DESCRIPTION OF THE TASK.
Your output should be the lines below from the one holding "Terá início na" through the one holding "元々の窓に、新しい枠を設置し", transcribed exactly, with no pictures.

DATA FOR ANALYSIS.
· · · · · · ·

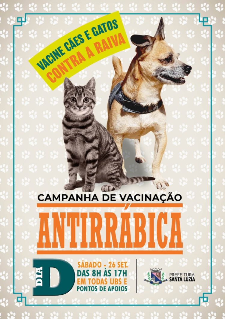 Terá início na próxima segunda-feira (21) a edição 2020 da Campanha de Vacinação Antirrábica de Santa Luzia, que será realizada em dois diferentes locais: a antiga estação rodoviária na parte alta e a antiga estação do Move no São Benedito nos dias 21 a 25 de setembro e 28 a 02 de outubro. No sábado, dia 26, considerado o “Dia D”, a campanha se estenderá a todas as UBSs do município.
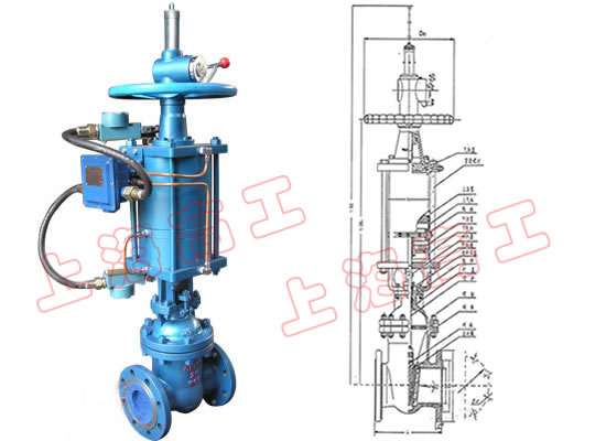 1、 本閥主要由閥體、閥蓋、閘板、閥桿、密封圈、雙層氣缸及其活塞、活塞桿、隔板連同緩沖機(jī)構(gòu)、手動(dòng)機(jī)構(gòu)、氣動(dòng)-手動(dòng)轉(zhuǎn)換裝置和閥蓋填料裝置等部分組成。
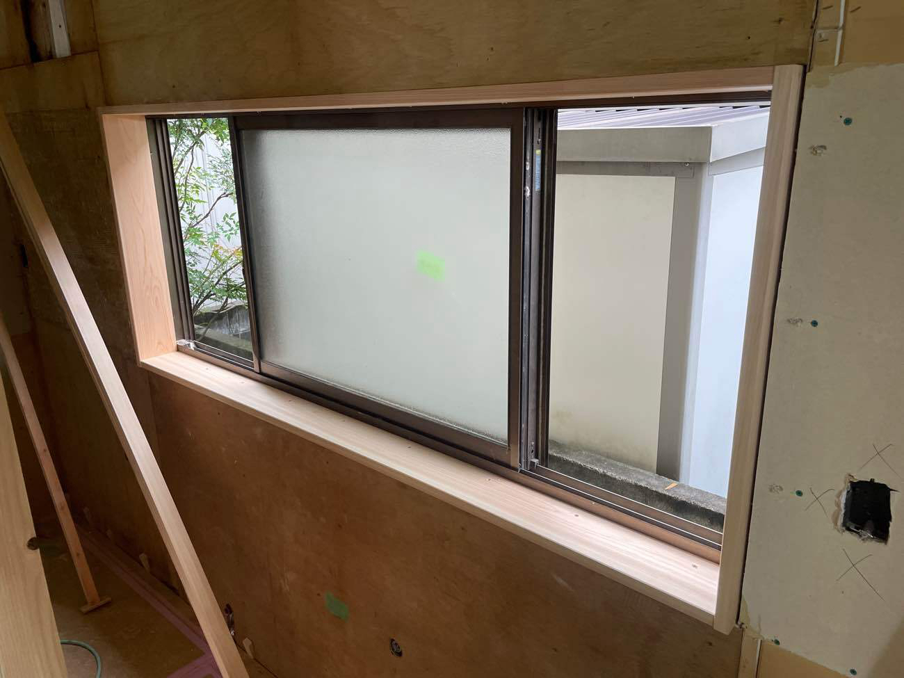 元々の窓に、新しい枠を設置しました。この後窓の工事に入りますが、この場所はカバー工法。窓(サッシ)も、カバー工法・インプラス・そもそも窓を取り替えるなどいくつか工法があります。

· · · · · · ·

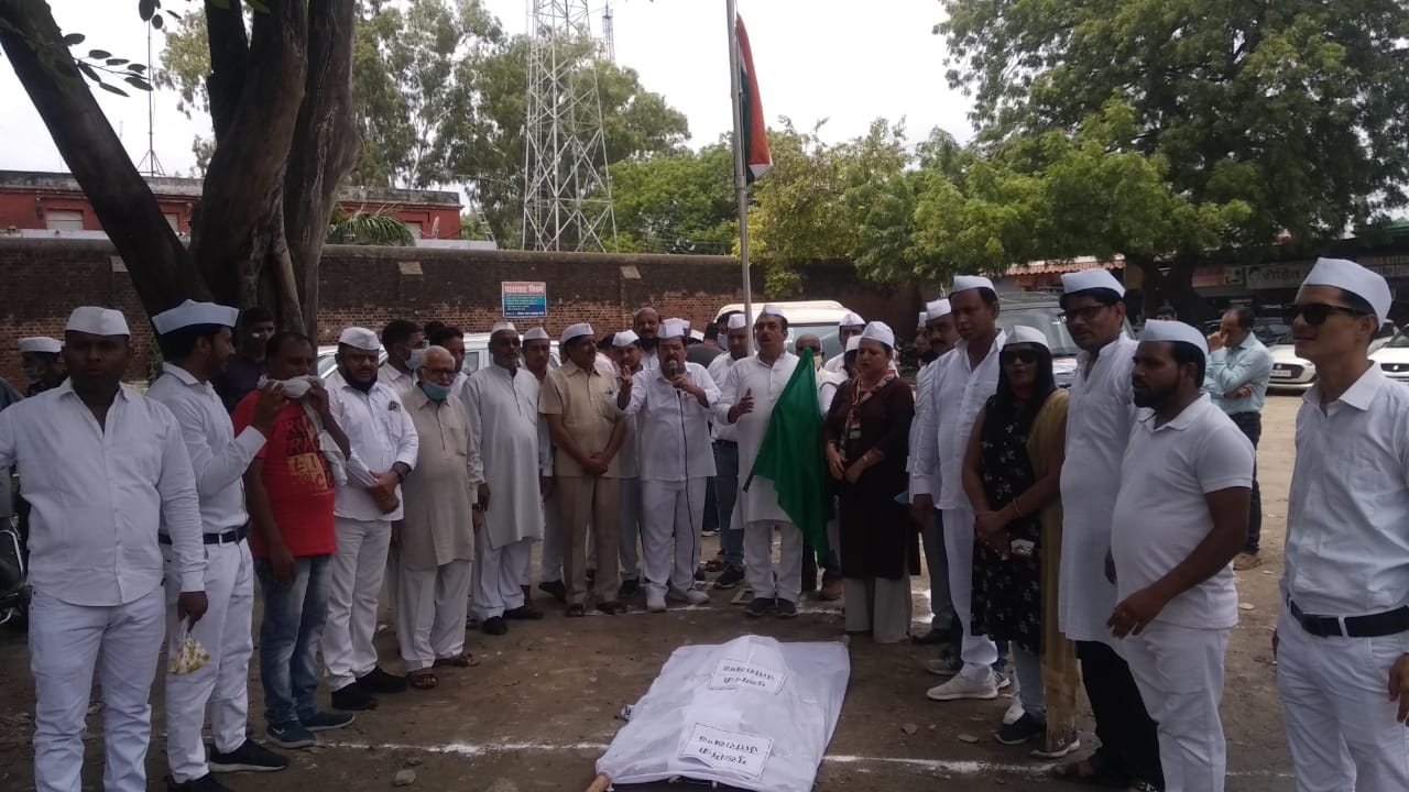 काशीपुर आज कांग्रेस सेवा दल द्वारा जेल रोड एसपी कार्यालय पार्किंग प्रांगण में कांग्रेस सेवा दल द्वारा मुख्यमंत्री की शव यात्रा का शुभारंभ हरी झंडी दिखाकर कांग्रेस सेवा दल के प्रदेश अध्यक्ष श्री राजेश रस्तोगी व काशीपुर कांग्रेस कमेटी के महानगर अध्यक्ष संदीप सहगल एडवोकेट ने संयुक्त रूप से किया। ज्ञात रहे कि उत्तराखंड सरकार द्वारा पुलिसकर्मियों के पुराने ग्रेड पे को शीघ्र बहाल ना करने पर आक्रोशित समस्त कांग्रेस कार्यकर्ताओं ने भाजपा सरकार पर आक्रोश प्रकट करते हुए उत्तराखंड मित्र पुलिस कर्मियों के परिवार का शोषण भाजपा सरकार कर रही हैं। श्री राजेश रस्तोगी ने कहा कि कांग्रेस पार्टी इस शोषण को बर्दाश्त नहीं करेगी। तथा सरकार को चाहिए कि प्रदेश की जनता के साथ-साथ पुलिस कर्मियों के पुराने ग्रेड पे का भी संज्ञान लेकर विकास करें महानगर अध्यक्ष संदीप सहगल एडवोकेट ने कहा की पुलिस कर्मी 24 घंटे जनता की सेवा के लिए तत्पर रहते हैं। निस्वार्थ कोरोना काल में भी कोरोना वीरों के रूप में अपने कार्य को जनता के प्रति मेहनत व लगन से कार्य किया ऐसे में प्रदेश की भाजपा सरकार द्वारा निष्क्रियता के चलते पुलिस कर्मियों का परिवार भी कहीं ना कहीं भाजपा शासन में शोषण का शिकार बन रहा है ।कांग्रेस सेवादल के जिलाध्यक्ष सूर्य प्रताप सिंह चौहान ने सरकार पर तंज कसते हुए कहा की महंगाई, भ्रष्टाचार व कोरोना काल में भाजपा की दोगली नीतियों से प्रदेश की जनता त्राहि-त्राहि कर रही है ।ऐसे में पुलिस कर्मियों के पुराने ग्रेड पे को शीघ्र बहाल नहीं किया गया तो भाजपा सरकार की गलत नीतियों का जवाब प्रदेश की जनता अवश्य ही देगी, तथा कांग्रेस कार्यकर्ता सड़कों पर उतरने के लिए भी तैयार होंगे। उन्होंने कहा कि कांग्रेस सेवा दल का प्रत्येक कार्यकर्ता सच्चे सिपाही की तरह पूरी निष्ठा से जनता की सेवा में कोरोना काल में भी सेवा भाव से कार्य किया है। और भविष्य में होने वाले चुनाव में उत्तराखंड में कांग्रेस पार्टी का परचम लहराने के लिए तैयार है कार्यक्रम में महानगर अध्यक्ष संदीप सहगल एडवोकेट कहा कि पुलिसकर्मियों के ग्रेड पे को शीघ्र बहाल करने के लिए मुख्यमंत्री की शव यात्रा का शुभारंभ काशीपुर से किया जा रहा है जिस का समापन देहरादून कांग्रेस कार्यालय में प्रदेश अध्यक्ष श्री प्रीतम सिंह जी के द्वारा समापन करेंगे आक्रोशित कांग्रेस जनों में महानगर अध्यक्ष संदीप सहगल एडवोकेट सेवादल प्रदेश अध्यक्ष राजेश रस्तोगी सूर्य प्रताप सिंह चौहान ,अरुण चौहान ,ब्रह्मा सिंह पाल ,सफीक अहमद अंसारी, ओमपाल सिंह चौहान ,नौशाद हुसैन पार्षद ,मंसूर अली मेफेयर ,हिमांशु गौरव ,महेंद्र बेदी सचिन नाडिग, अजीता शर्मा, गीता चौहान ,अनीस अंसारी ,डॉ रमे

· · · · · · ·

ANSWER FOR THIS EXERCISE.
 Terá início na próxima segunda-feira (21) a edição 2020 da Campanha de Vacinação Antirrábica de Santa Luzia, que será realizada em dois diferentes locais: a antiga estação rodoviária na parte alta e a antiga estação do Move no São Benedito nos dias 21 a 25 de setembro e 28 a 02 de outubro. No sábado, dia 26, considerado o “Dia D”, a campanha se estenderá a todas as UBSs do município.
 1、 本閥主要由閥體、閥蓋、閘板、閥桿、密封圈、雙層氣缸及其活塞、活塞桿、隔板連同緩沖機(jī)構(gòu)、手動(dòng)機(jī)構(gòu)、氣動(dòng)-手動(dòng)轉(zhuǎn)換裝置和閥蓋填料裝置等部分組成。
 元々の窓に、新しい枠を設置しました。この後窓の工事に入りますが、この場所はカバー工法。窓(サッシ)も、カバー工法・インプラス・そもそも窓を取り替えるなどいくつか工法があります。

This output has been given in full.